Personal information
- Full name: Ernest Mathews
- Born: 17 May 1847 Islington, London, England
- Died: 25 November 1930 (aged 83) Amersham, Buckinghamshire, England
- Batting: Right-handed
- Bowling: Right-arm roundarm slow

Domestic team information
- 1867–1869: Oxford University

Career statistics
| Competition | First-class |
| Matches | 11 |
| Runs scored | 179 |
| Batting average | 9.94 |
| 100s/50s | –/– |
| Top score | 44 |
| Balls bowled | 387 |
| Wickets | 7 |
| Bowling average | 23.85 |
| 5 wickets in innings | – |
| 10 wickets in match | – |
| Best bowling | 3/57 |
| Catches/stumpings | 9/– |
- Source: Cricinfo, 26 March 2020

= Ernest Mathews =

English cricketer and barrister

Ernest Mathews (17 May 1847 – 25 November 1930) was an English first-class cricketer and barrister.

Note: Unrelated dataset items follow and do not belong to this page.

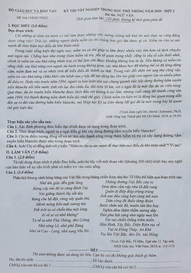 Đề thi chính thức môn Ngữ văn Kỳ thi tốt nghiệp THPT năm 2020 đợt 2 bám sát cấu trúc, mức độ, tính chất các câu hỏi như đề thi tham khảo lần 2 do Bộ GD-ĐT công bố. Từ ngữ liệu cho đến yêu cầu của các câu lệnh trong các phần Đọc hiểu,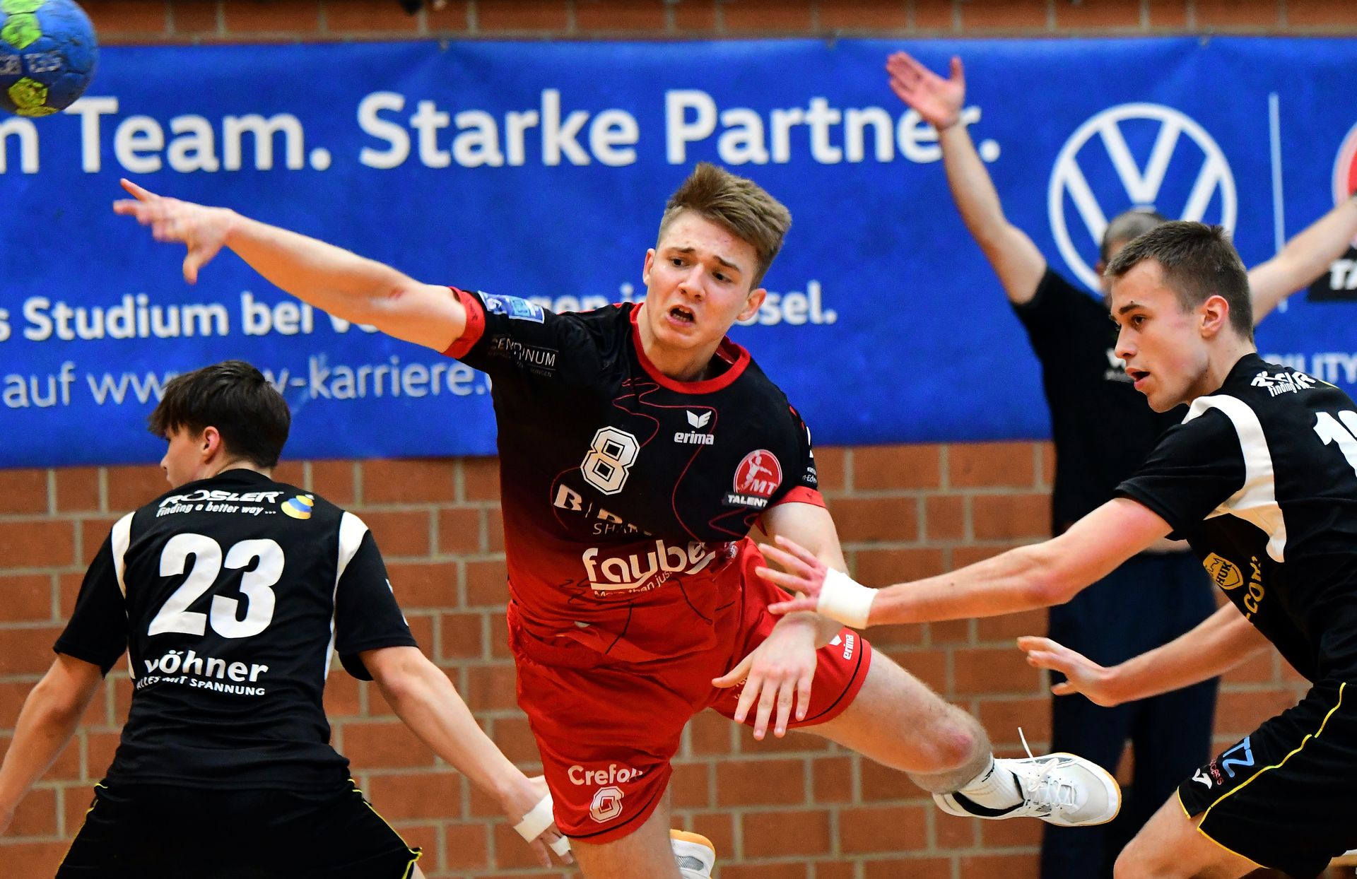 Der Rest war eigentlich Schaulaufen beider Mannschaften. Es ging munter hin und her, wobei die MT Talents durchaus noch Hochphasen für sich verbuchen konnten. Zum Beispiel, als Tom Wolf, Lukas Schröder und, natürlich, Oleksii Tsymbaliuk als Melsungens Bester an diesem Nachmittag, mit einem 3:0-Lauf binnen zwei Minuten auf 17:25 (42.) verkürzten. Gleiches gelang noch einmal durch erneut Tsymbaliuk, Lino Duketis und Jason Wilfer zum 21:29 (50.). Es half aber nichts mehr, die Oberfranken hatten auf alles, auch auf ein zwischenzeitliches 7-gegen-6 mit zwei Kreisläufern und die offene Manndeckung in den Schlussminuten die passende Antwort.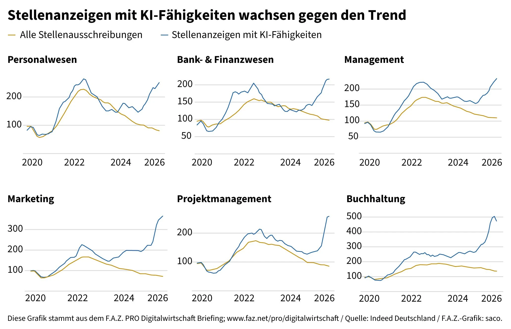 Obwohl viele Unternehmen mit Einstellungen zögern, legt der Anteil der Stellenanzeigen, die KI-Fähigkeiten voraussetzen, zu. Das Wachstum verschiebt sich von Techjobs auf Personalwesen, Marketing und Finanzen.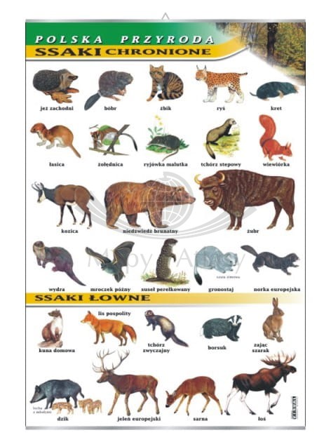 Polska przyroda. Ssaki chronione i łowne. Plansza edukacyjna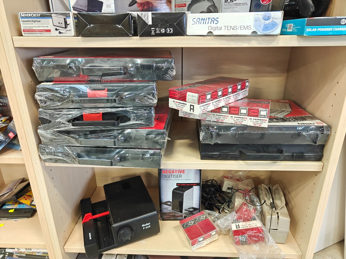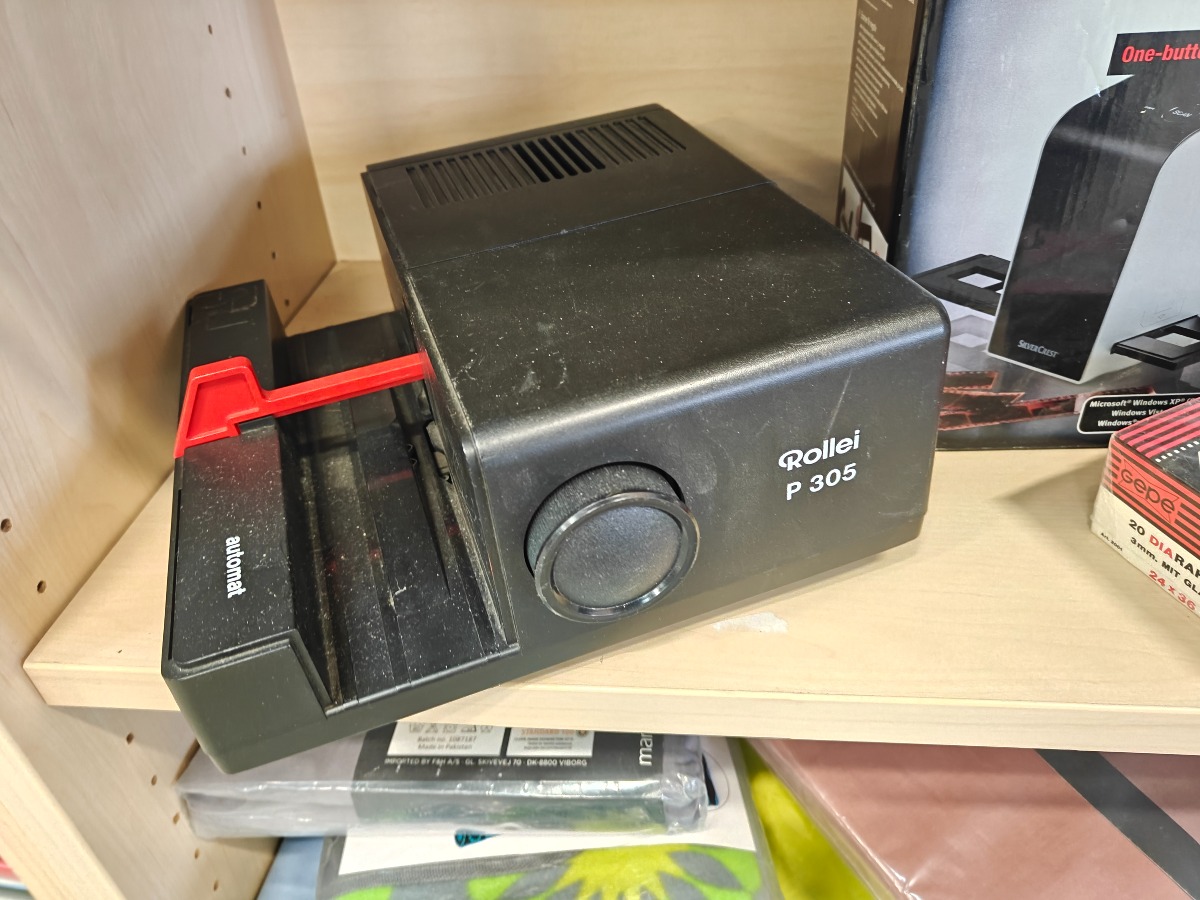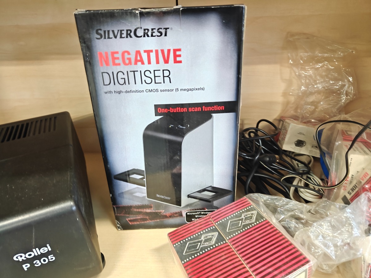Dias udstyr. Rollei P308 diasfremviser med fjernbetjening med kabel. Digitiser til negativer. Tomme ubrugte diasrammer, skuffer til opbevaring samt ældre diaspparat. Ene opbevaringskasse med dias med motiver.

The son of John Hubbersty Mathews, he was born at Islington in May 1847. He was educated at Harrow School, before going up to Brasenose College, Oxford. While studying at Oxford, he played first-class cricket for Oxford University, making his debut against the Marylebone Cricket Club at Lord's in 1867. He played first-class cricket for Oxford until 1869, making eleven appearances. He scored a total of 179 run in his eleven matches, with a high score of 44. With his right-arm roundarm slow bowling, he took 7 wickets with best figures of 3 for 57.

After graduating from Oxford, Mathews became a barrister. He was called to the bar as a member of Lincoln's Inn in November 1871. He later served as a justice of the peace for both Middlesex and Buckinghamshire. Mathews died at Amersham in November 1930.